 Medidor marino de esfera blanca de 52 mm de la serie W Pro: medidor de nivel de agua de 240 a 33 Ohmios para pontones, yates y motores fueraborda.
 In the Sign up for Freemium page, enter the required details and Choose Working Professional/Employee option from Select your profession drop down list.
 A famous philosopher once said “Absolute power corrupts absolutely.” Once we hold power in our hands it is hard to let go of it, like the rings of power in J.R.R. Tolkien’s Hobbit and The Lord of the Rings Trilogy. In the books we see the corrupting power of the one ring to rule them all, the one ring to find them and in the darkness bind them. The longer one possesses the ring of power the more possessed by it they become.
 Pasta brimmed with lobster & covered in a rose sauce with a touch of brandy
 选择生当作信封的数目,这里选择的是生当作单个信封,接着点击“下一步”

== == ==

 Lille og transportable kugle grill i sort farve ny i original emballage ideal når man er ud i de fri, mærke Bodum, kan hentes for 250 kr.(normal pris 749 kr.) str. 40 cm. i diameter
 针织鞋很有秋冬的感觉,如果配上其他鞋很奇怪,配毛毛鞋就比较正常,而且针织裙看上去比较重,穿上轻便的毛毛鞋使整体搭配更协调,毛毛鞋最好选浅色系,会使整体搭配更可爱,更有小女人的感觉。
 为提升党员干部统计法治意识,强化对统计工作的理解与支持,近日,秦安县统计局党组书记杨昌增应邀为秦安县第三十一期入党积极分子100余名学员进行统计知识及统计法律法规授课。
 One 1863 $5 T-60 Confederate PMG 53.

== == ==

→ Action item
Please give again the lines above between the line holding "Medidor marino de" and the line holding "A famous philosopher", inclusive, exactly as they are and with nothing added.

→ Answer for this exercise
 Medidor marino de esfera blanca de 52 mm de la serie W Pro: medidor de nivel de agua de 240 a 33 Ohmios para pontones, yates y motores fueraborda.
 In the Sign up for Freemium page, enter the required details and Choose Working Professional/Employee option from Select your profession drop down list.
 A famous philosopher once said “Absolute power corrupts absolutely.” Once we hold power in our hands it is hard to let go of it, like the rings of power in J.R.R. Tolkien’s Hobbit and The Lord of the Rings Trilogy. In the books we see the corrupting power of the one ring to rule them all, the one ring to find them and in the darkness bind them. The longer one possesses the ring of power the more possessed by it they become.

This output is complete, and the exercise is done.